Теперь догадываюсь, что у него промелькнула мысль: не было ли здесь покушения на детей? Но Нику снова схватил хохотун, и он, приседая, чистосердечно объяснил отцу все: как я вчера поколотил его за шар и как он мне сегодня отомстил.
Великий Князь строго все выслушал и необыкновенно суровым голосом сказал:
- Как? Он тебя поколотил, а ты ответил западней? Ты - не мой сын. Ты - не Романов. Расскажу дедушке. Пусть он рассудит.
- Но я драться не мог, - оправдывался Ники, - у меня был хохотун.
- Этого я слушать не хочу. И нечего на хохотуна сваливать. На бой ты должен отвечать боем, а не волчьими ямами. Фуй. Не мой сын.
- Я - твой сын! Я хочу быть твоим сыном! - заревел вдруг Ники.
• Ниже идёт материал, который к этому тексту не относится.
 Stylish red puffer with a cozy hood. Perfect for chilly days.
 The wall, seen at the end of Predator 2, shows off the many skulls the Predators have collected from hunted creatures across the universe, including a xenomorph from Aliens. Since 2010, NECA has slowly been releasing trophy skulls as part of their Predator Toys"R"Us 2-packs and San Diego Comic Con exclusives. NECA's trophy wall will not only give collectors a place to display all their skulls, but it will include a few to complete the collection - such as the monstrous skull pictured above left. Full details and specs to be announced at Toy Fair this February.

- Если бы ты был мой сын, - ответил Великий Князь, - то давно бы уже попросил у Володи прощения.
Ники подошел ко мне, угрюмо протянул руку и сказал:
- Прости, что я тебя не лупил. В другой раз буду лупить.
Вечером от имени Ники мне принесли шаров пятнадцать, целую гроздь. Счастью моему не было конца, но история, вероятно, имела свое продолжение, которого я так, до встречи в Севастополе, и не знал.
И только теперь, через множество лет, стоя со мной на Царской севастопольской ветке, Император Николай Второй намекнул мне, шутя, об этом...
Выслушав признание Императора, я, что называется, внутренне заерзал. Многое в моей жизни непонятное стало вдруг освещаться. "Он никогда мне этого не простил", - думал я. Вдруг Император сказал:
- У вас утомленный вид. Надо бы полечиться, отдохнуть...
Я ответил, что собираюсь, уже отпуск - в кармане и через неделю еду на кавказские группы.
Государь протянул руку и как-то просто, по-солдатски, сказал:
- Счастливо!
И поднялся в вагон, легко спружинив руками. И вдруг с площадки повернулся и сказал мне в темноту.
- Да! Если будешь в Тифлисе, передай от меня поклон князю Орлову.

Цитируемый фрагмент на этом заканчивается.